The starting point is that it is known that the Henkel Hankel determinants for the Catalan sequence give the number of nested sequences of Dyck paths. I would like to promote this to symmetric functions. This is motivated by some representation theory.

The naive idea is to start with the sequence of symmetric functions $s_{n,n}$ and take the Henkel Hankel determinants using the inner product (that is product in the group ring of $S(2n)$) instead of the usual outer product. However this doesn't make sense.

Take the $2 \times 2$ case. Then the naive determinant is $$ \left|\begin{array}{cc} s_{n-1,n-1} & s_{n,n} \\ s_{n,n} & s_{n+1,n+1}\end{array}\right|$$ The inner product of the two diagonal terms is defined but the inner product of the two off-diagonal terms is not.

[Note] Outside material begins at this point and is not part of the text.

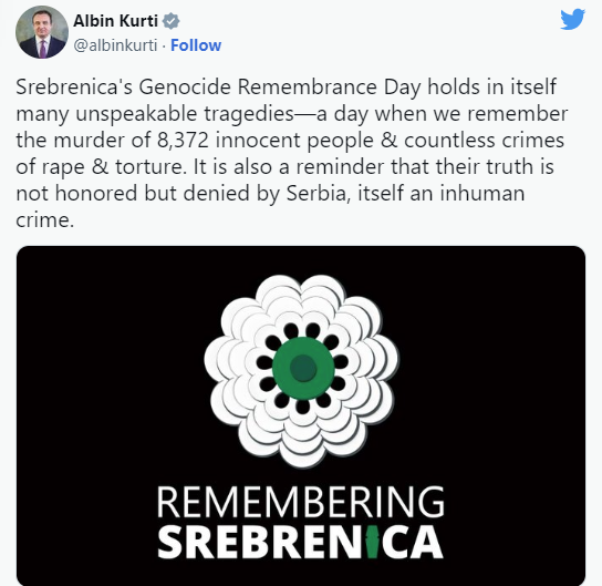 “Dita e Përkujtimit të Gjenocidit të Srebrenicës mban në vetvete shumë tragjedi të pa treguara – një ditë kur kujtojmë vrasjen e 8,372 njerëzve të pafajshëm dhe krimet e panumërta të përdhunimeve dhe torturave. Është gjithashtu një kujtesë se e vërteta e tyre nuk nderohet por mohohet nga Serbia, një krim çnjerëzor në vetvete”, ka shkruar Kurti në Twitter./Arbresh.info/

The idea that I want to test is that this is $\sum_\lambda s_\lambda$ where the sum is over partitions of $2n$ with four parts such that $\lambda_i-\lambda_j$ is even for $i,j$ (or maybe the partitions conjugate to these).

Any suggestions on how to fix this? If this does get fixed then I would like to know how to calculate the result. The difficulty is that I have not seen an implementation of the inner product in the computer algebra systems I use, Magma and Sage (which I think both use the same source for symmetric functions).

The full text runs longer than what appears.